## What to work on
Would you please copy all of the data exactly, skipping the images?

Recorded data
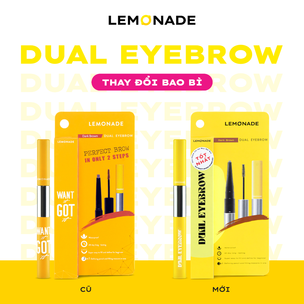 Lemonade Dual Eyebrow mang lại đôi chân mày hoàn hảo từng nét vẽ và từng sợi lông mày, không lem và không thấm nước, có độ bền màu cao.
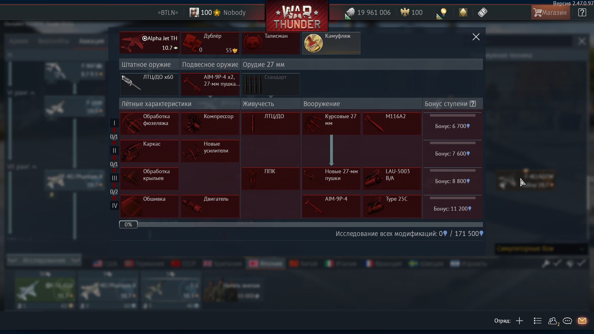 Стоимость всех самолетов на ранге В СУММЕ должна быть одинаковой у всех наций, без учета новых машин. Далее стоимость прокачки корректируется с учетом новых
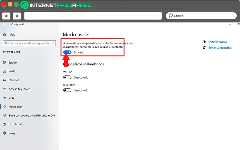 - Une fois que vous êtes dans la section «Mode avion» , une option apparaîtra où vous pouvez l’activer pour arrêter toutes les communications sans fil sur l’ordinateur. Pour activer cette fonction, tout ce que vous avez à faire est d’activer l’interrupteur qui y apparaît, de cette façon vous activerez cette fonction sur votre PC Windows 10 .
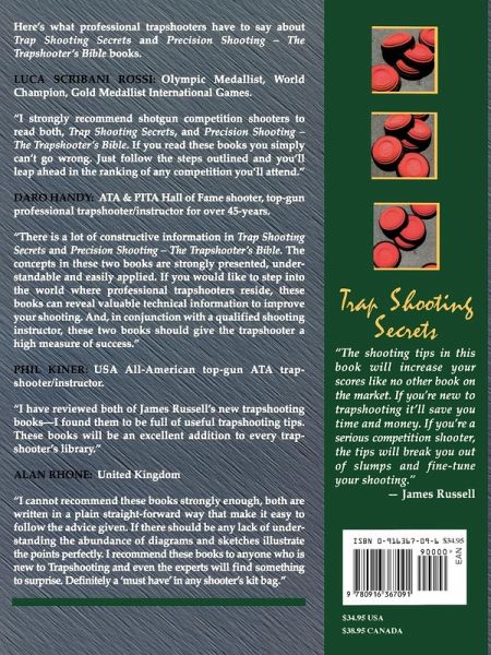 Trap Shooting Secrets takes you into the world where professionals reside. With over 132 practice tips and more than 100 illustrations it's like having a shooting coach by your side. This huge 182 page 8x11 size technical book teaches techniques of professional trap shooting; singles, handicap and double trap. Endorsed by professional shooters and ranks #1 by trap shooting magazines worldwide!
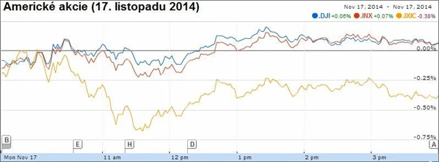 S výjimkou technologického trhu Nasdaq se americké burzy v pondělí pohybovaly kolem nuly. Indexy Dow a S&P 500 posílily shodně o 0,07 %, pro druhý jmenovaný šlo letos o 42. historické zavírací maximum. Akcie byly odpoledne podpořeny slovy šéfa ECB Maria Draghiho o možnosti skupování evropských vládních dluhopisů. To převážilo i negativní sentiment pramenící z toho, že se japonská ekonomika ve třetím kvartálu vrátila do recese.
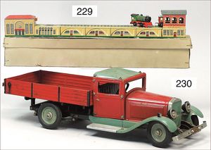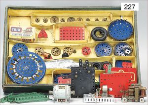 Konv. Gleismaterial, ca. 25 Teile Progressschienen, elektrische Ausführung, 1 Handweichenpaar, leicht Flugrost, dazu 1 Transformator 20 Volt, im Karton, optisch sehr guter Zust., 1 Schaltgerät 13472, sehr guter Zust.
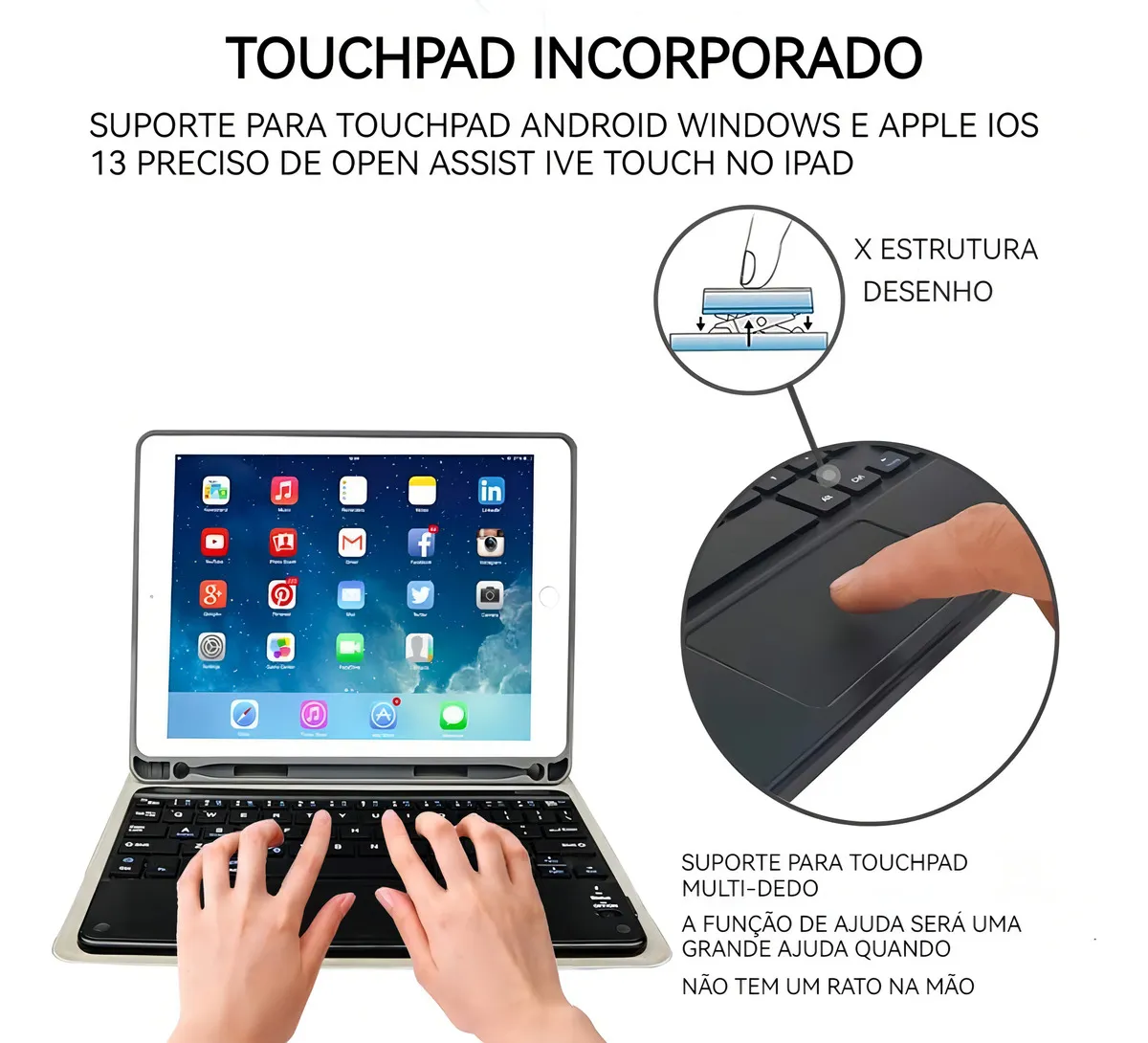 O conceito de design desta capa foi criado para atender a todas as suas necessidades, seja para trabalho ou entretenimento, otimizando o uso do seu iPad ao máximo.
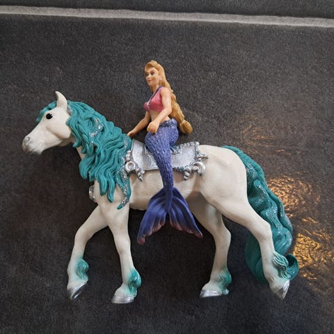Western Rytter Figur Legetøj med en højde på ca. 12 cm. Figuren forestiller en rytter iført rød skjorte og cowboyhat, siddende på en brun hest med sort man og hale. Fremstillet i plastmateriale. Velegnet som samlerobjekt eller legetøj.
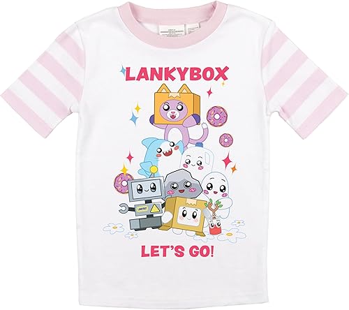 CUSTOM DESIGN: This two-piece Lankybox pajama set includes sleep pants and a short-sleeve t-shirt. The top features a big colorful graphic of their favorite characters and "Lankybox Let's Go!", while the bottoms boast an eye-catching pink-and-white striped pattern.

## Response area
 Lemonade Dual Eyebrow mang lại đôi chân mày hoàn hảo từng nét vẽ và từng sợi lông mày, không lem và không thấm nước, có độ bền màu cao.
 Стоимость всех самолетов на ранге В СУММЕ должна быть одинаковой у всех наций, без учета новых машин. Далее стоимость прокачки корректируется с учетом новых
 - Une fois que vous êtes dans la section «Mode avion» , une option apparaîtra où vous pouvez l’activer pour arrêter toutes les communications sans fil sur l’ordinateur. Pour activer cette fonction, tout ce que vous avez à faire est d’activer l’interrupteur qui y apparaît, de cette façon vous activerez cette fonction sur votre PC Windows 10 .
 Trap Shooting Secrets takes you into the world where professionals reside. With over 132 practice tips and more than 100 illustrations it's like having a shooting coach by your side. This huge 182 page 8x11 size technical book teaches techniques of professional trap shooting; singles, handicap and double trap. Endorsed by professional shooters and ranks #1 by trap shooting magazines worldwide!
 S výjimkou technologického trhu Nasdaq se americké burzy v pondělí pohybovaly kolem nuly. Indexy Dow a S&P 500 posílily shodně o 0,07 %, pro druhý jmenovaný šlo letos o 42. historické zavírací maximum. Akcie byly odpoledne podpořeny slovy šéfa ECB Maria Draghiho o možnosti skupování evropských vládních dluhopisů. To převážilo i negativní sentiment pramenící z toho, že se japonská ekonomika ve třetím kvartálu vrátila do recese.
 Konv. Gleismaterial, ca. 25 Teile Progressschienen, elektrische Ausführung, 1 Handweichenpaar, leicht Flugrost, dazu 1 Transformator 20 Volt, im Karton, optisch sehr guter Zust., 1 Schaltgerät 13472, sehr guter Zust.
 O conceito de design desta capa foi criado para atender a todas as suas necessidades, seja para trabalho ou entretenimento, otimizando o uso do seu iPad ao máximo.
Western Rytter Figur Legetøj med en højde på ca. 12 cm. Figuren forestiller en rytter iført rød skjorte og cowboyhat, siddende på en brun hest med sort man og hale. Fremstillet i plastmateriale. Velegnet som samlerobjekt eller legetøj.
 CUSTOM DESIGN: This two-piece Lankybox pajama set includes sleep pants and a short-sleeve t-shirt. The top features a big colorful graphic of their favorite characters and "Lankybox Let's Go!", while the bottoms boast an eye-catching pink-and-white striped pattern.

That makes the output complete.